Proof of Theorem axpre-suploclemres

Dummy variables 𝑎 𝑏 𝑐 are mutually distinct and distinct from all other variables.

Step	Hyp	Ref	Expression
1		axpre-suploclem.ss	. . . . . . . 8 ⊢ (𝜑 → 𝐴 ⊆ ℝ)

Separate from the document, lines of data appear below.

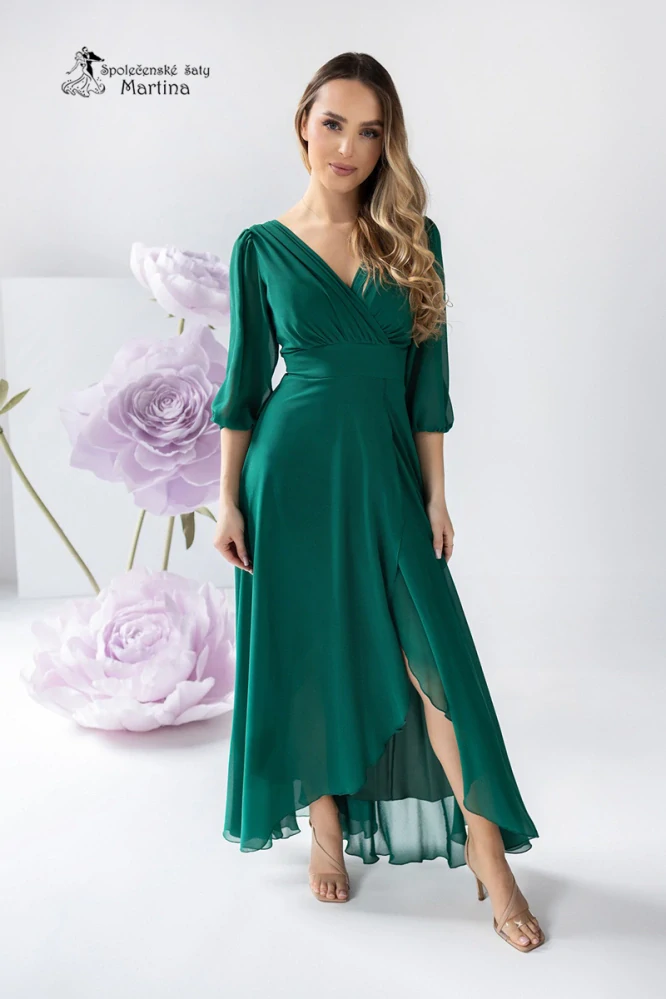 - Zelené dlouhé asymetrické šifonové šaty "Abigail" s ¾ rukávem - vel. 36
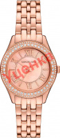 Женские кварцевые часы. Круглый стальной корпус с PVD покрытием цвета розового золота. Безель декорирован кристальным паве. Перламутровый по центру и декорированный узором в виде расходящихся лучей в зоне меток циферблат защищен минеральным стеклом. Метки в виде римских цифр и штрихов. Клиновидные стрелки в стиле Dauphine. Рифленая заводная головка. Стальной браслет с PVD покрытием цвета розового золота и раскладывающейся застежкой с двумя кнопками.
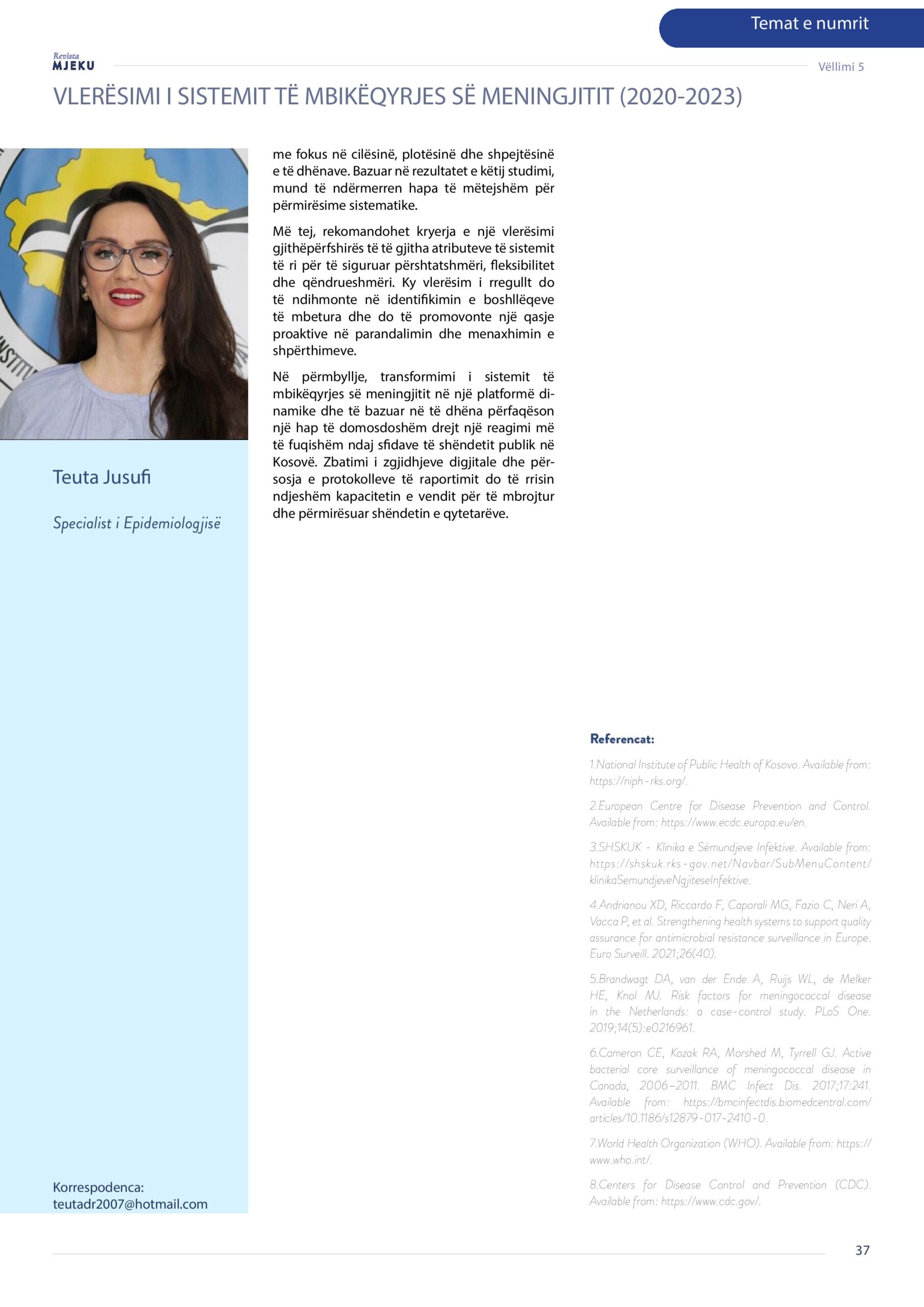 Donjet Bislimi, Pranvera Kaçaniku – Gunga dhe Teuta Jusufi – VLERËSIMI I SISTEMIT TË MBIKËQYRJES SË MENINGJITIT (2020 – 2023)

2		axpre-suploclem.m	. . . . . . . 8 ⊢ (𝜑 → 𝐶 ∈ 𝐴)
3	1, 2	sseldd 3103	. . . . . . 7 ⊢ (𝜑 → 𝐶 ∈ ℝ)
4		elreal2 7662	. . . . . . 7 ⊢ (𝐶 ∈ ℝ ↔ ((1st ‘𝐶) ∈ R ∧ 𝐶 = ⟨(1st ‘𝐶), 0R⟩))

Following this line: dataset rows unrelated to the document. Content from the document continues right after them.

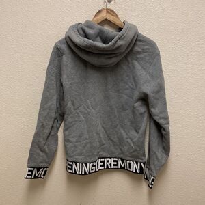 Gray hoodie from Opening Ceremony. Cuffs and hem have brand spell out detail. Size small.
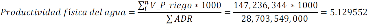 | Método de cálculo | Dónde: Volumen de producción total (toneladas) de los cultivos bajo modalidad de riego por año agrícola. Volumen de agua concesionada (m³) para los Distritos de Riego. |
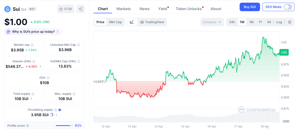 SUI trades at $1.00 per CoinMarketCap, down 81% from its $5.35 ATH posted January 2025. The Changelly forecast for April pegs the SUI range at $0.61 to $0.88, while the CoinPedia bull case targets $5 by December, roughly 405% upside.
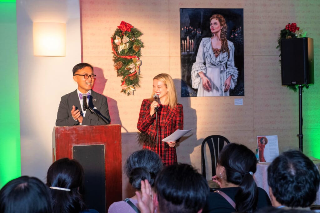 後半のエンターテインメント、司会はChristina Maxwellさんと前田事務所長、息の合った名コンビです。
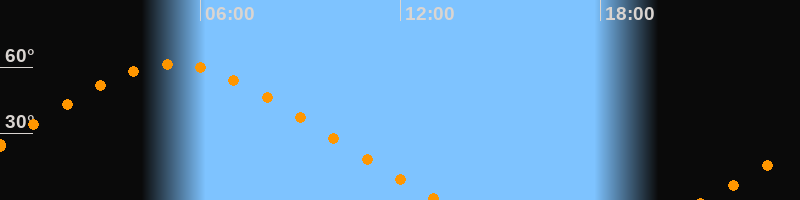 Höchster Stand (Kulmination)05:10 Uhr (h = 61,3°)
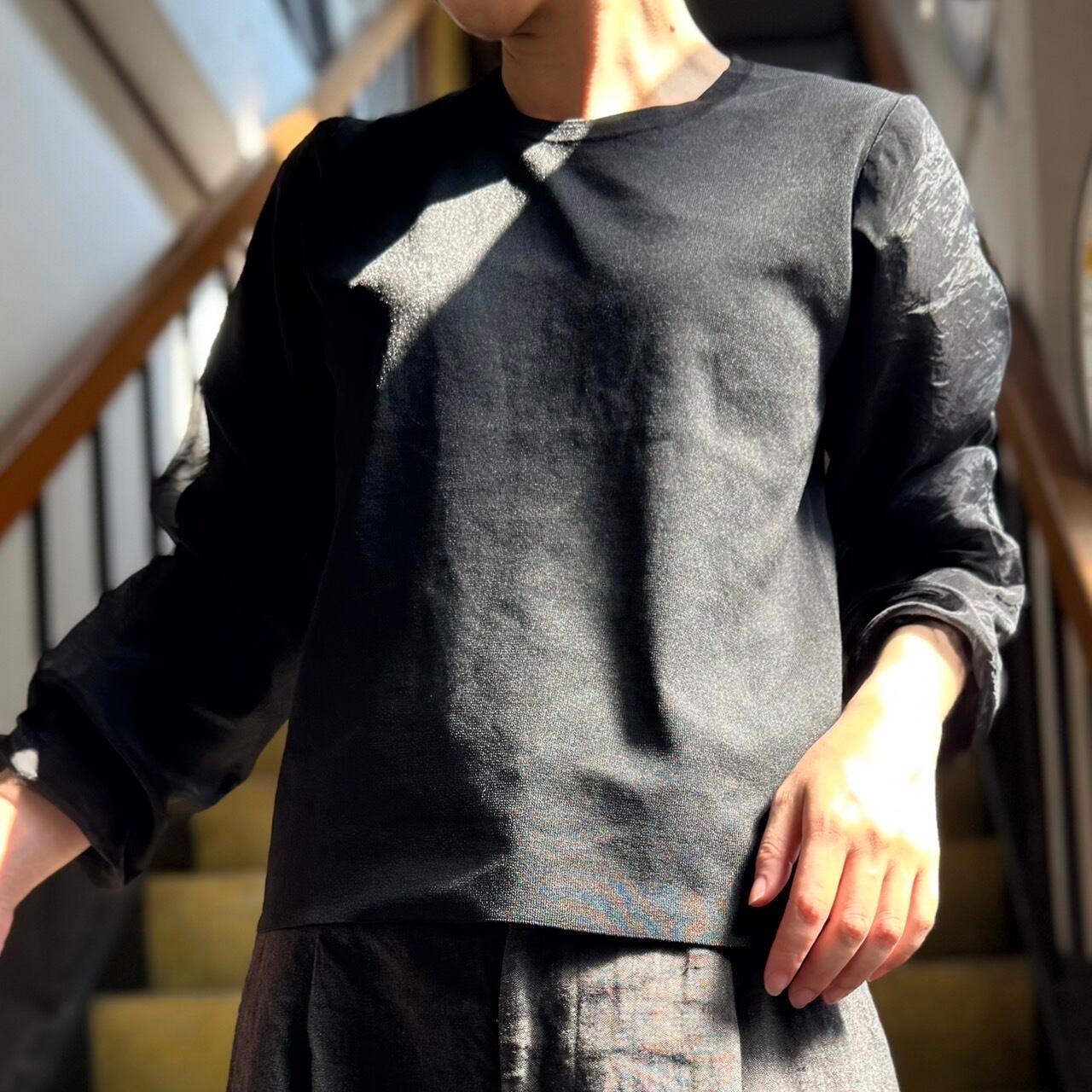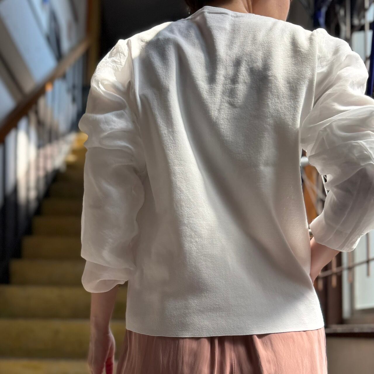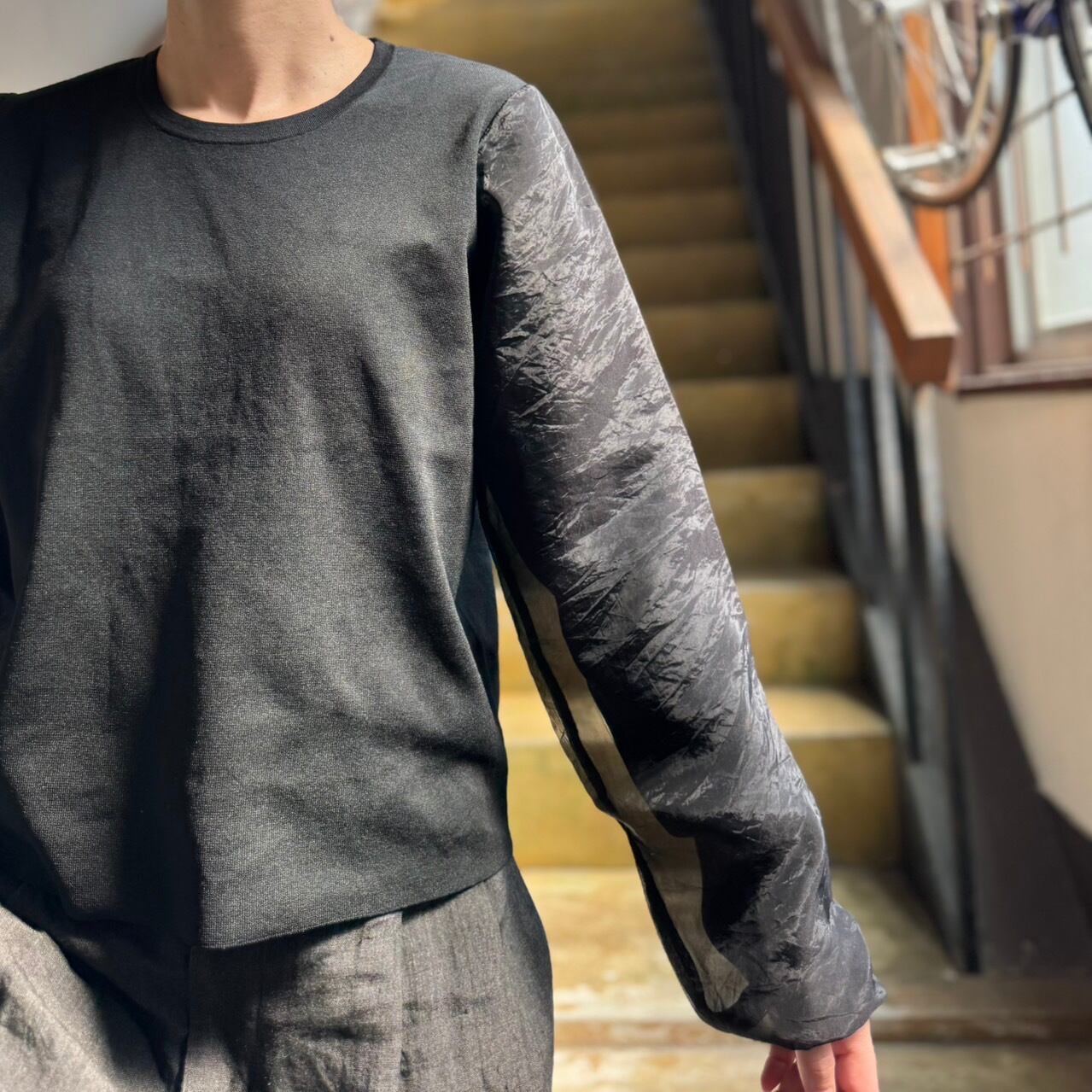 袖にシャイニーで透け感のあるオーガンジー袖をドッキングさせた

5	3, 4	sylib 121	. . . . . 6 ⊢ (𝜑 → ((1st ‘𝐶) ∈ R ∧ 𝐶 = ⟨(1st ‘𝐶), 0R⟩))
6	5	simpld 111	. . . . 5 ⊢ (𝜑 → (1st ‘𝐶) ∈ R)
7	5	simprd 113	. . . . . 6 ⊢ (𝜑 → 𝐶 = ⟨(1st ‘𝐶), 0R⟩)
8	7, 2	eqeltrrd 2218	. . . . 5 ⊢ (𝜑 → ⟨(1st ‘𝐶), 0R⟩ ∈ 𝐴)
9		opeq1 3713	. . . . . . 7 ⊢ (𝑤 = (1st ‘𝐶) → ⟨𝑤, 0R⟩ = ⟨(1st ‘𝐶), 0R⟩)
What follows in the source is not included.